NBA advances on mission to sports technology leadership

The NBA is on a mission to become the technology leader in sports, and its announcement of a major contract with Silicon Graphics to supply a 50-trillion-byte storage solution is a big step in that direction.

The deal, which includes an SGI InfiniteStorage NAS 2000 solution and a StorageTek SL8500 tape library, secures the technology NBA Entertainment needs to catalog and store action from every NBA game as it occurs.

That’s critical for NBA Entertainment because it nightly must feed video packages to various distributors, including NBA.com, cable partners, cell phone services, and custom online Web viewing worldwide, in addition to producing NBA TV.

Cataloging games on the fly is an important component of the process. Two league employees sitting at the scorer’s table at each NBA game track each player’s position on the court, what kind of shots are taken and rate the shots on a 1-to-5 scale. The information is tied to SMPTE time code and married in the SGI system.

Seventeen Pinnacle Systems editors will be tied into the SGI NAS, and with the metadata generated by the employees at the scorer’s table, editors with be able to access specific highlights for packaging.

The SGI system also gives the league a medium on which to store its vast library of archive footage. The NBA library has every game in its entirety for at least the past 12 seasons and highlights stretching back to the league’s founding. Eventually, all of that material will be cataloged and available instantly on the NAS.

Digitizing and storing this footage presents other opportunities to the league as well.
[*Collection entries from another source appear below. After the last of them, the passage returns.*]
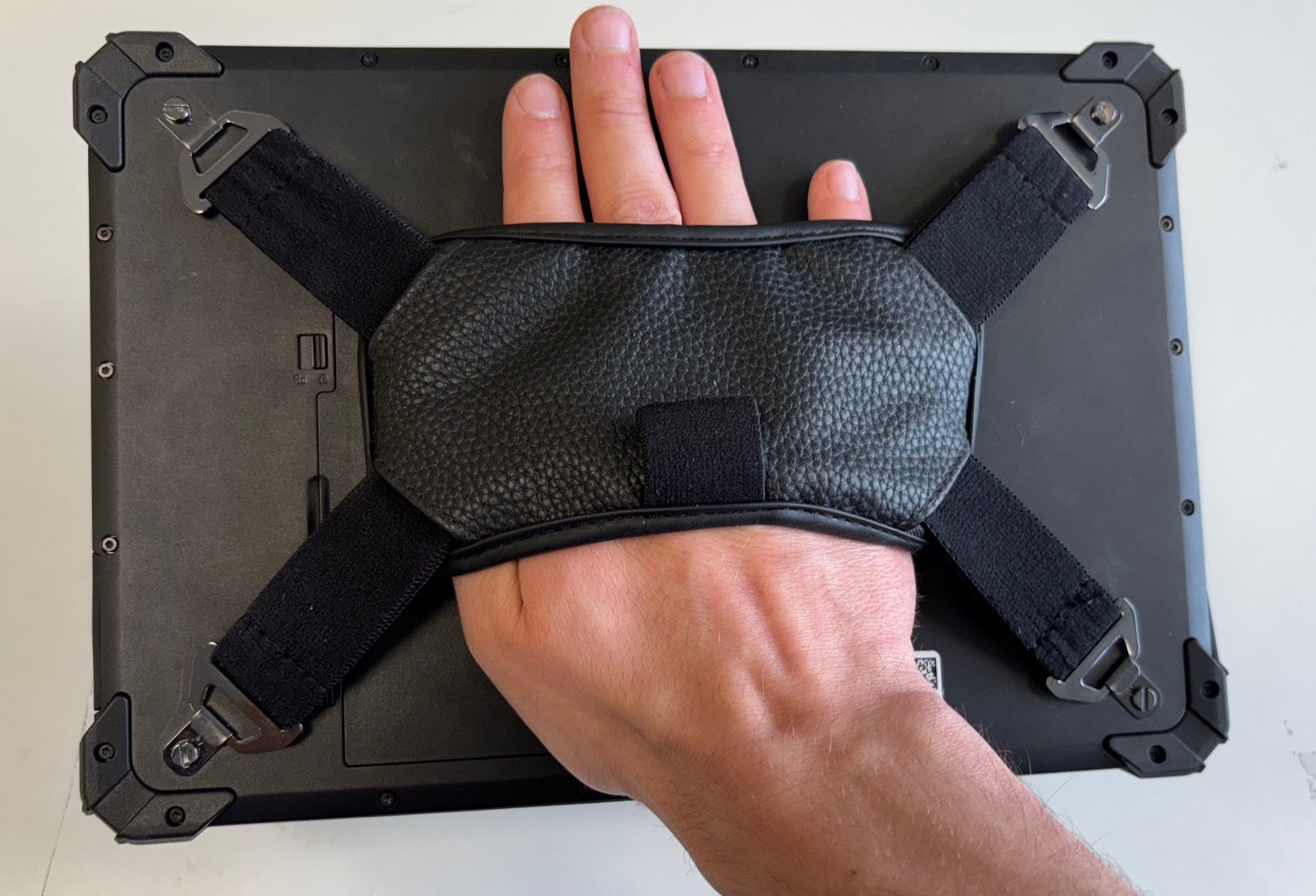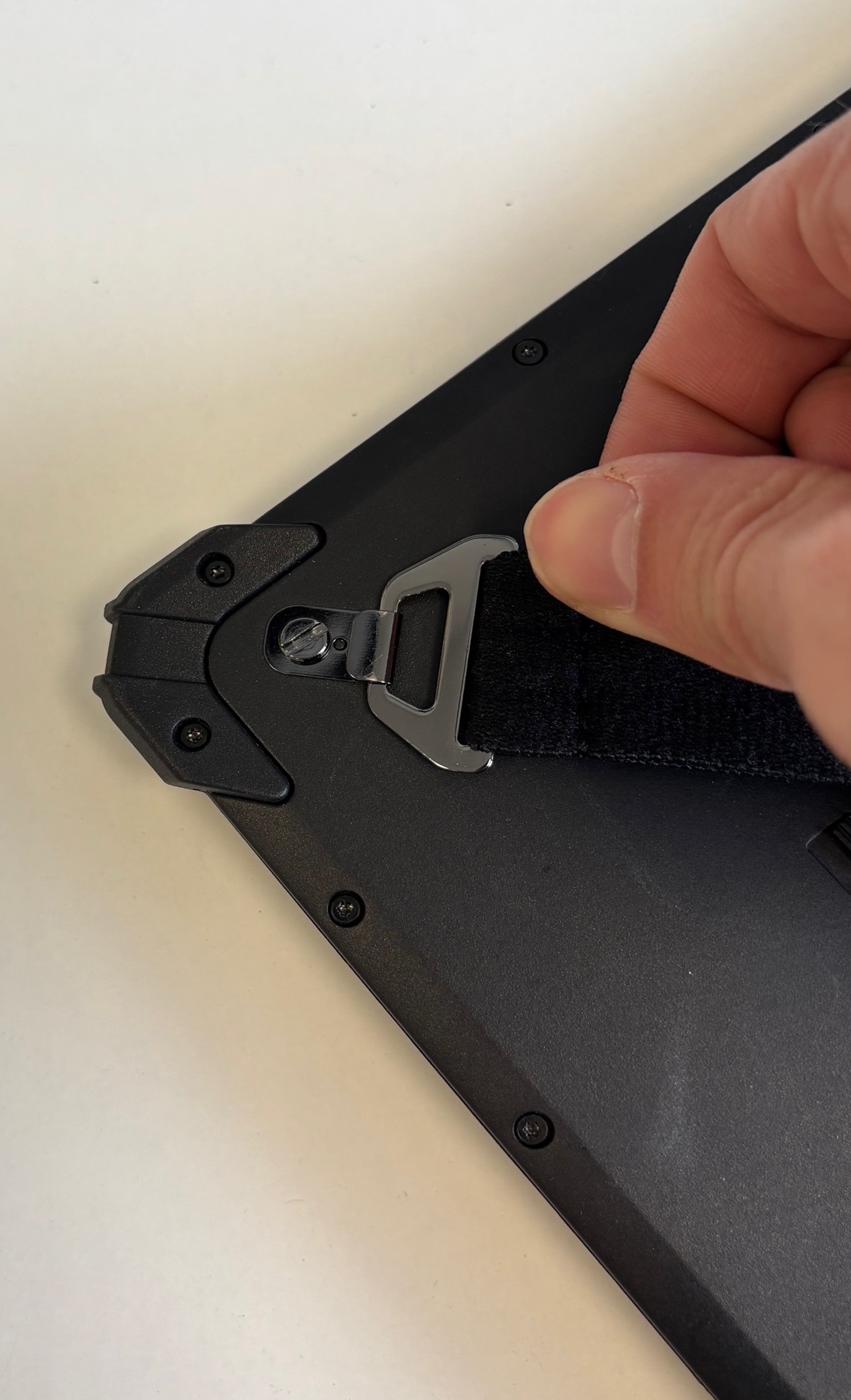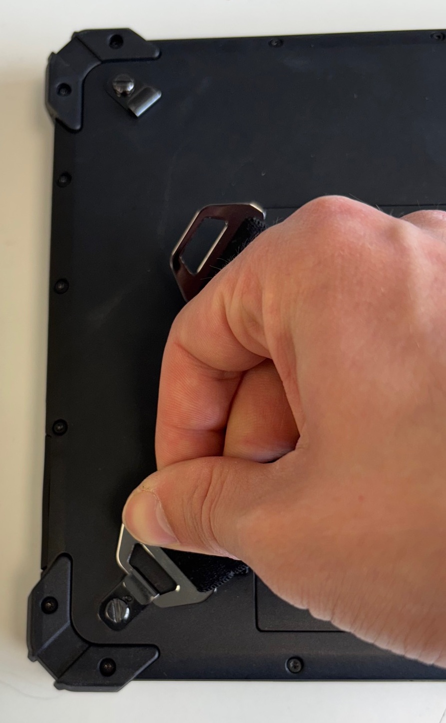 - Haken Sie die gegenüberliegende Seite ein. Ziehen Sie hierfür mit etwas Kraft an der Handschlaufe, diese ist dehnbar. Halten Sie das Tablet dabei gut fest, damit es nicht verrutscht.
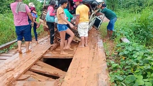 Imagens que circulam nas redes sociais mostram o veículo pendurado à beira do igarapé, sustentado por apenas uma das rodas. Os passageiros – entre eles crianças – aparecem em desespero enquanto descem da carroceria com ajuda de moradores e outros condutores que passavam pelo local.
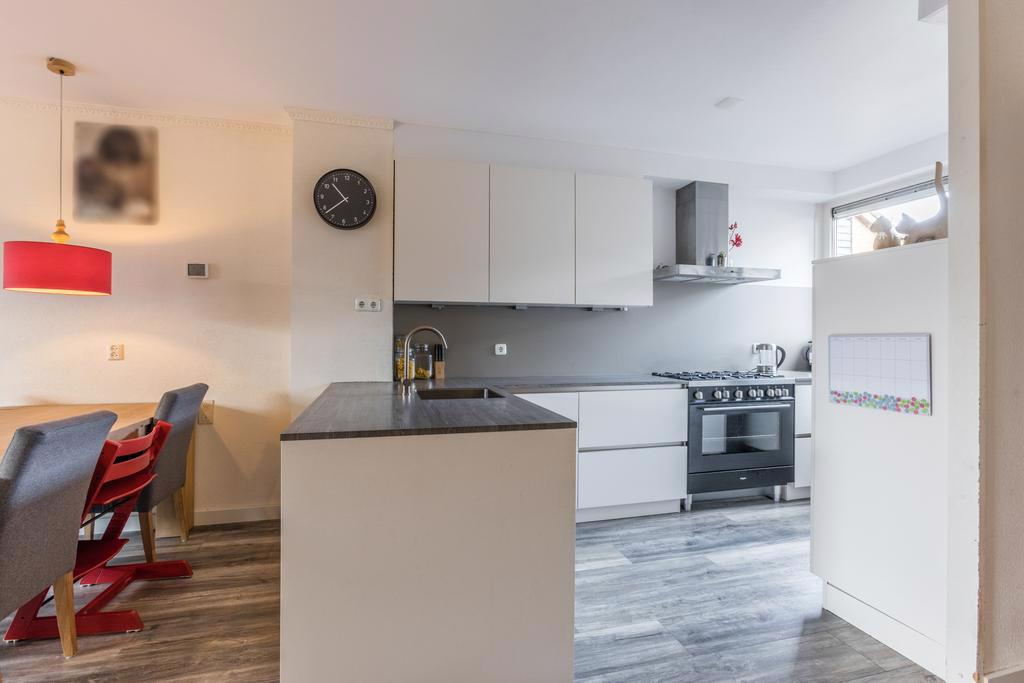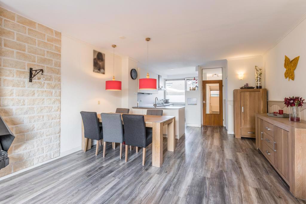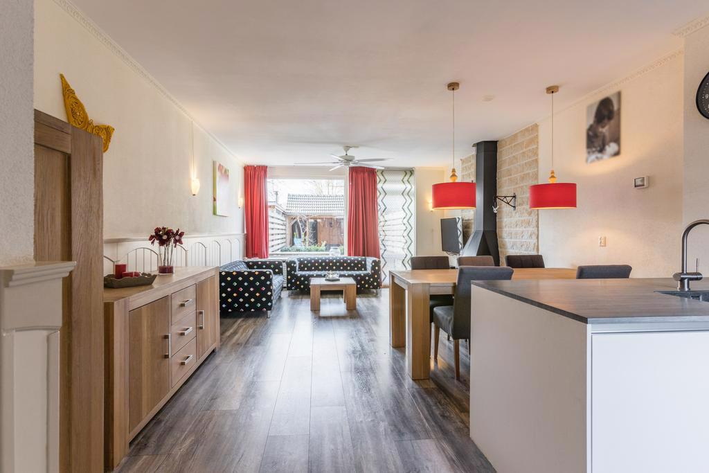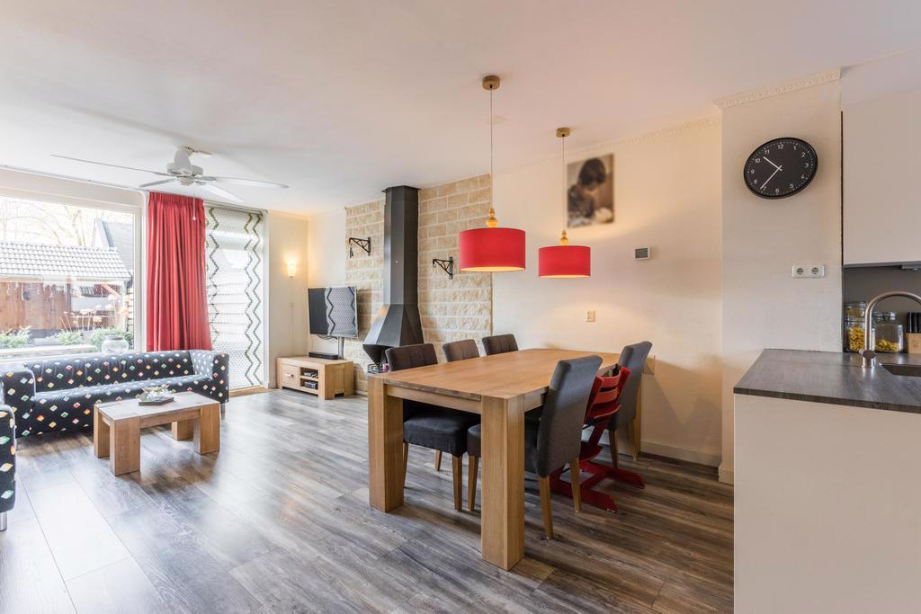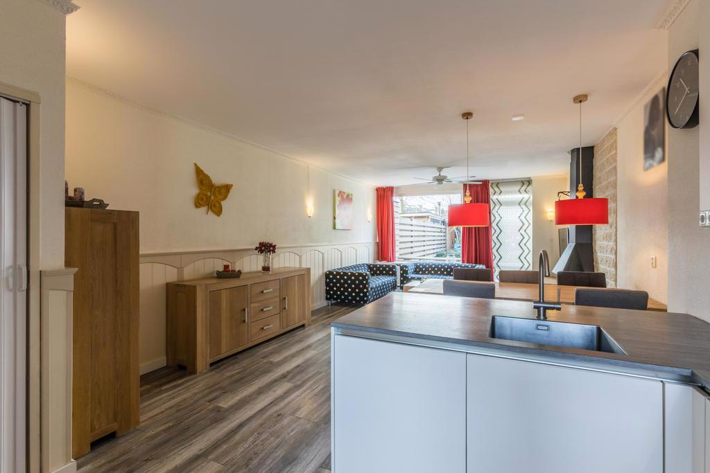 De tuingerichte woonkamer is heerlijk licht en is afgewerkt met een lambrisering en een fraaie laminaatvloer. De open haard zorgt voor extra warmte en gezelligheid. De keuken, met veel werk- en bergruimte, is in 2014 nieuw geplaatst. De matte kastjes in combinatie met een TopCore houtlook blad en een achterwand van geborsteld aluminium zorgen voor een strak geheel! Met een 6-pits gasfornuis met oven, afzuigkap, vaatwasser, boiler en een grote koelkast én vrieskast is deze keuken van alle gemakken voorzien!

It will open the way for fans to experience a jump shot from the player’s point of view using 3-D trajectory technology. It also can be used with sophisticated 3-D visualization software to create real-time, virtual reality views of court action from every angle imaginable.

However, before such complex applications surface, simpler visualizations will give the league new tools to better understand the game, view the court in proposed arenas and see how in-arena advertising might be viewed.

The first step of the project will be the installation of the SGI system at NBA Entertainment headquarters later this year.